你才是兇手(1/2)
他蹲下身子,仔細的看著莫清誠的臉,邪魅的嗓音從他薄顫的唇角微微溢出。
「其實莫小姐,像你這麼絕色的女人,如若能裝的淑女一點,一定很養眼,那可是我怎麼就覺得那些粗口的話從你口中說出來卻又是那麼合適呢?」
「我真想不通申帥怎麼會看上你,按照以往的經驗,你這種女人恰恰是他最不屑的才是!」
莫清誠詫異,這個臭男人,幹嘛在這個時候提起申明樂,他和申明樂到底是什麼關係?
還有剛才他說他懷孕時眼底的那一絲憤怒又是為什麼?
莫清誠不知道,可於皓南卻已經猜到了七八分,之前救聽陳琳說見過申明樂和封海在一起。
封海跟著他五年,他派專門的人教他從政,希望自己能在政壇上有個左臂右膀,與其花錢去收買一個自己用著還不放心的人,還不如自己培養一個自己放心的人。
封海不服他所望,成功進入政壇,甚至混的風生水起。
可是,如今已近三十六歲的他,還未娶妻,甚至連女人都沒有碰過。
按說從政因素中穩定的家庭那是一個很必要的條件,維持於皓南也曾勸過封海娶妻,哪怕是娶一房放在那裡當擺設,可是卻被封海拒絕了。

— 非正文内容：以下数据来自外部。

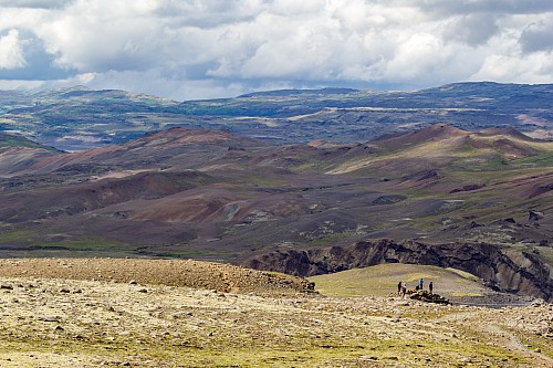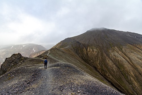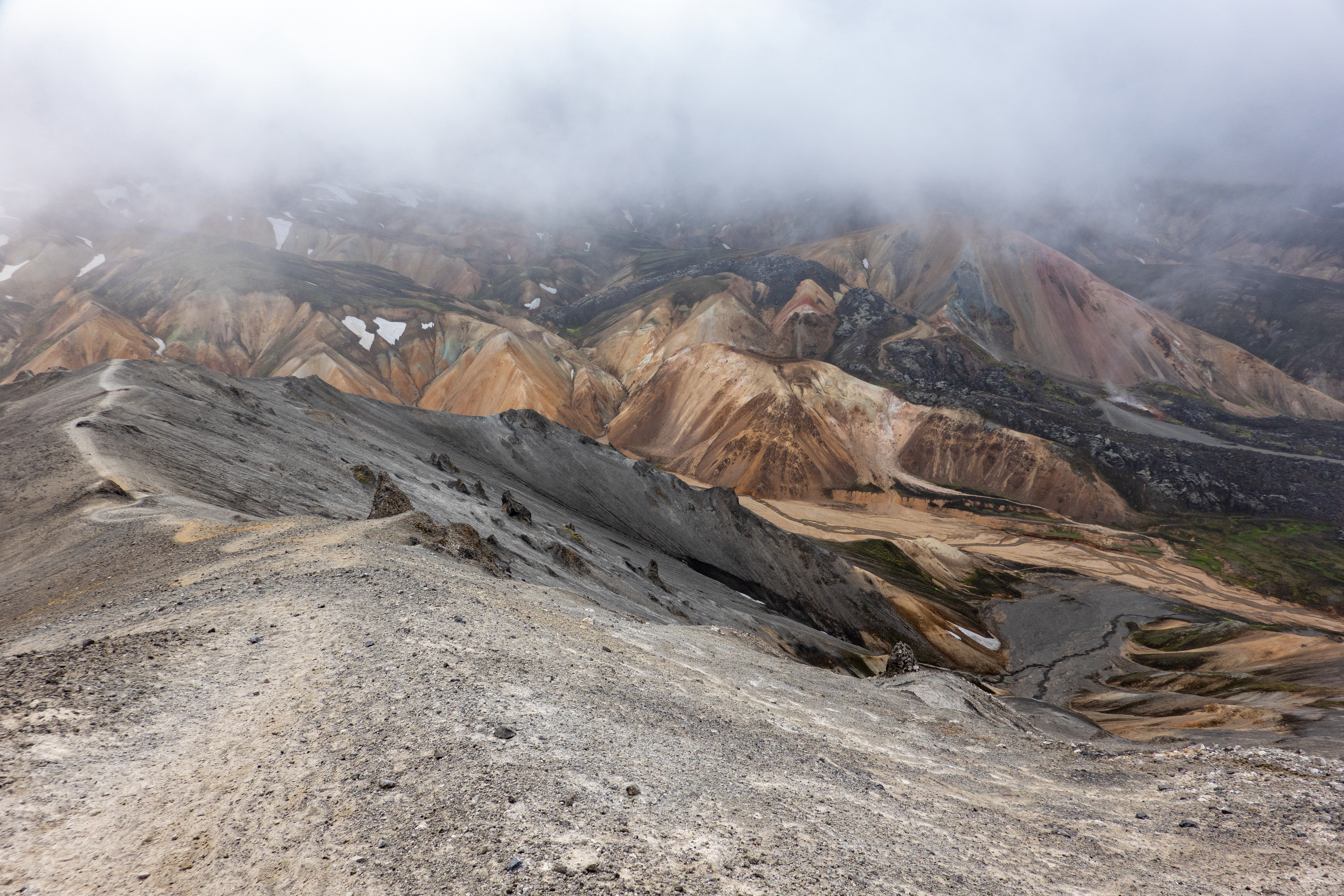 We reached a peak, but then we saw a second peak, and she asked Justin “are we walking all the way up there?!” He responded by saying he didn’t know, as he hadn’t been to Iceland before. But we were going to end up walking all the way up there. The scenery was spectacular, and would’ve been better but for the mist from the constant wind. The guy at lunch with the group told them confidently it wasn’t going to rain in the area this afternoon - this was technically accurate, but we were walking through a cloud, which was basically like being rained on.
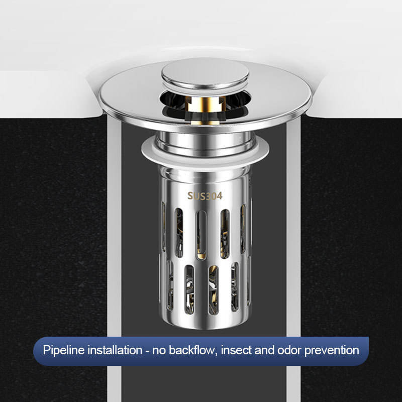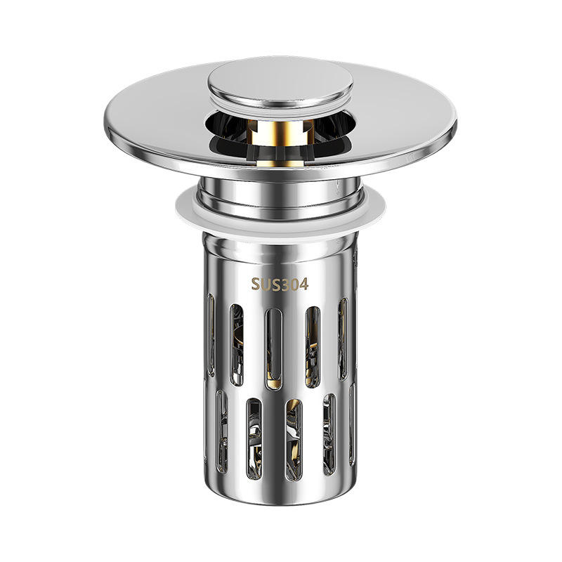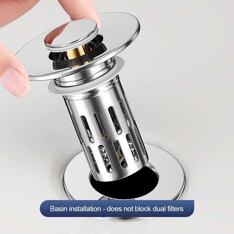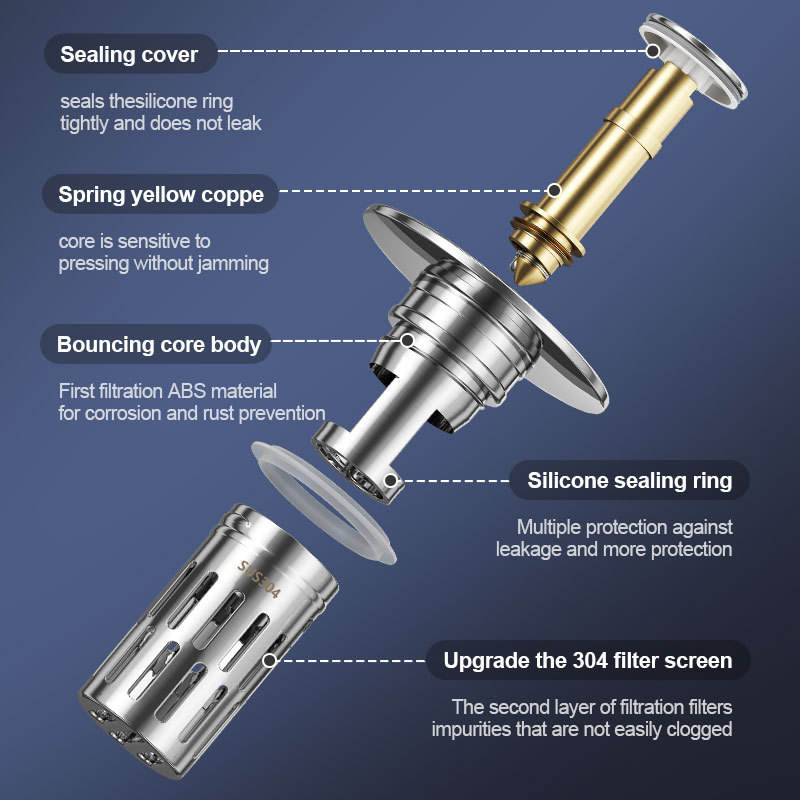 Filtro de desagüe con botón pulsador F46, de acero inoxidable, ABS y cobre, con núcleo de rebote para fregadero de encimera, fácil de limpiar
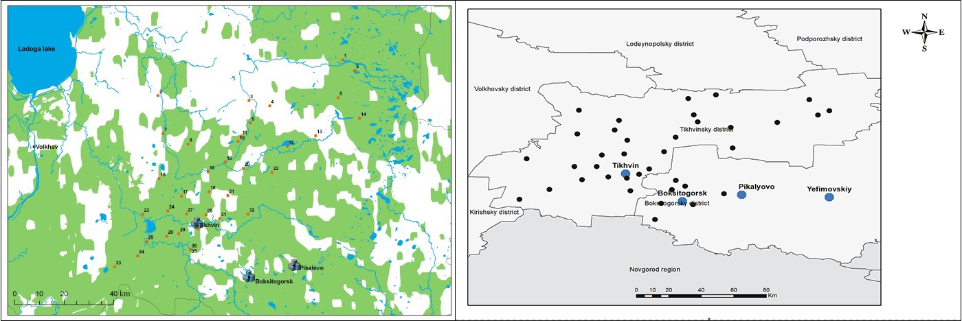 Исследования в Ленинградской области проводились в районе города Тихвин. В 2010 году было отобрано 36 проб мха, а в 2017 году собраны образцы с 37 точек пробоотбора (рис.6).

當時的封海說,他會用自己的辦法讓別人對他信服,而他也的確做到了。
或許自己挑上他成為左臂右膀,就是因為他的私生活簡單,不近女色,不酗酒,抽菸只為應付,說話得體沉穩,莫名其妙的給人一種威嚴。
那種威嚴不是王者氣息,而是一種信任感,讓你莫名其妙的就會想去信任的感覺,那種踏實感。
可是自從聽陳琳提到申明樂和封海的交集,於皓南就有些懷疑了。
他讓皇甫夜幫他調查封海和申明樂的關係,或許是因為兩個人都藏得太深,皇甫夜那邊查到的只是皮毛。
可有一條消息卻是引起了於皓南的注意,就是在申明樂前往澳洲的兩周左右的時間內,封海也曾受邀去澳洲交流一周左右的時間。
世界上從來就沒有如此巧合的事情,風還是他信任的人,可是如今他做出了讓自己費解的事情,直到那次車禍,他才真的明白,這一切是因為什麼。
他和羅傑都活著,是因為封海讓他們活著。
車子是在失控後兩個人昏迷過去之後才被投到半山崖的,他被封海帶走,而羅傑則被放回。
再加上他身為立法院院長大的職務一職,很輕易的就可以更改車禍事故緣由,更改所有的犯罪事實。
想到這裡,於皓南不由得有些好笑。
曾經同甘共苦的兄弟,如今卻是兵戎相見,這是他最不希望的結果,對曾經的羅傑他會故意做出有戒心的樣子,但是心底最信任的,卻還是他。
這是一種感情,無法磨滅的,可是眼前的這個男人卻不懂。
他變得很強大,強大到自己都沒辦法去壓制。
黑道勢力分門別派,hi收復南美的勢力之後好陸展越結婚隱退,南非曾經也有一小股於皓南的勢力。
於皓南從來不曾想到他在渥太華的這兩年封海竟然暗中收服這股勢力,並且慢慢擴張實力。
陸老爺子曾經在南非勢力也曾統霸一時,可是他早在很久以前就已經退出了。
封海真是抓到了好時機,由著自己嗜血的本姓,披荊斬棘,成為南非新一任的黑梟。
為了達到目的,他還曾和皇甫夜的叔伯合作,將微雨送到南非,讓微雨受盡苦痛,只為了那巨額的財富報酬。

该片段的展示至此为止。